As the new year kicks off, I’ve been trying to think of a way to explain the present economic situation in a simple and graphical manner that would not only illustrate the precarious nature of the US economy, but also explain my negative perspective on its prospects as well as the positive GDP reports and expectations on the part of mainstream economists. After wasting a fair amount of time poring over the usual BEA and BLS reports, I realized that because my analyses are primarily predicated upon debt, the only thing that made sense was to go back to the Fed’s quarterly Z1 report and look more closely at the sector data.  I have to confess that when the third quarter report came out a few weeks ago, I was surprised it did not show more contraction in the third quarter; total credit market debt only declined a further $113 billion from the revised Q1 2009 peak of $52.9 trillion.  The net contraction to date has only been 0.53%, which seemed weirdly small when the 8.7% contraction in commercial bank loans over the same period was taken into account.

But a look at the various credit sectors usefully clarifies this apparent dichotomy.  As the chart below shows, household debt reached its peak in the third quarter of 2008 and is down 1.75% since then.  The financial sector began reducing its outstanding debt a quarter later than the households, but is deleveraging much faster as its debt has fallen 5.93% from the Q408 peak.  Corporate debt has remained essentially flat since 2008, but the Federal government has, for the time being, been able to fill in the entire credit gap by increasing its outstanding debt by nearly one-third, 30.1%, in the four quarters since Q308!  State and local government debt has also increased, but by close to an order of magnitude less at 3.25%.  So, the reason we have not yet seen any significant effects of the debt-deleveraging in the household (-$242.8 billion) and financial (-$873.7 billion) sectors in the wider economy is because the Federal government has taken on an additional $1,743.4 billion of debt plus another $72.4 billion from the state and local governments to counter that contraction of credit.
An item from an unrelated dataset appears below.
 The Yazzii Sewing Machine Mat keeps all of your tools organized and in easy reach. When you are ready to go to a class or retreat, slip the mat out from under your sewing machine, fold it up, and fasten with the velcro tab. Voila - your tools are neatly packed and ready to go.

So, the questions raised by this analysis are:  a) can the various levels of government continue to increase their outstanding debts faster than household, corporate, and financial debts decline, b) how long can the various levels of government continue to increase their debts, c) when will household, corporate, and financial debt stop contracting?  As of today, January 1st, 2010, the answers appear to be: a) No, the disparity of debt levels renders this impractical, if not impossible, especially since the early data indicates that household and financial debt is still declining. b) Probably not beyond the second quarter of 2010.  State and local tax revenues fell precipitously in 2009, many state and local governments are already on the verge of bankruptcy and the White House is already talking about attempting to reduce the 2010 deficit. c) given the growing number of mortgage and credit card payments reaching 60 and 90 days late, there is no sign of this happening in 2010.  In fact, much of the 2009 contraction that should have happened due to foreclosures and defaults has not yet been recorded on the books thanks to the extend-and-pretend policy presently in place.
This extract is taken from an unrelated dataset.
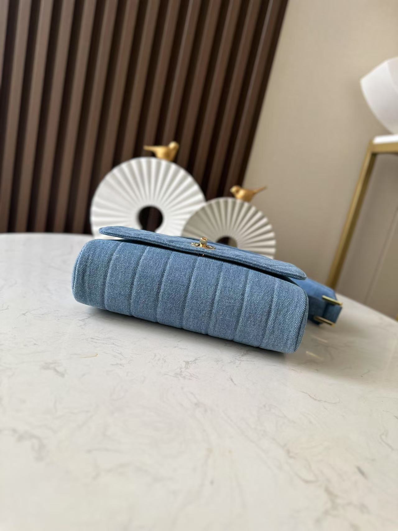 CHANEL 25S SHOULDER BAG 26 IN BLUE DENIM WITH GOLD HARDWARE

The White House and the Federal Reserve are gambling that the contraction of household and financial sector debt will end before time runs out on their ability to increase Federal debt enough to compensate for that contraction.  But despite a panoply of credit-creation programs, changes to accounting laws, and regulatory easing, they are running out of time and there are still no signs of any further appetite for debt on the part of consumers or financial institutions.  The brief uptick in total bank loans from the middle of October to the middle of November has already given back its gains; TOTLL was still down 8.01% as of the most recent report on December 16th.  Therefore, I conclude that the White House already knows it lost its credit gamble, which is why it is now preparing the $4 trillion SuperTARP bill known as HR 4173.

Calculated Risk’s readers would appear to share my pessimism regarding the 2010 outlook, as 57% expect the economy to fall back into contraction.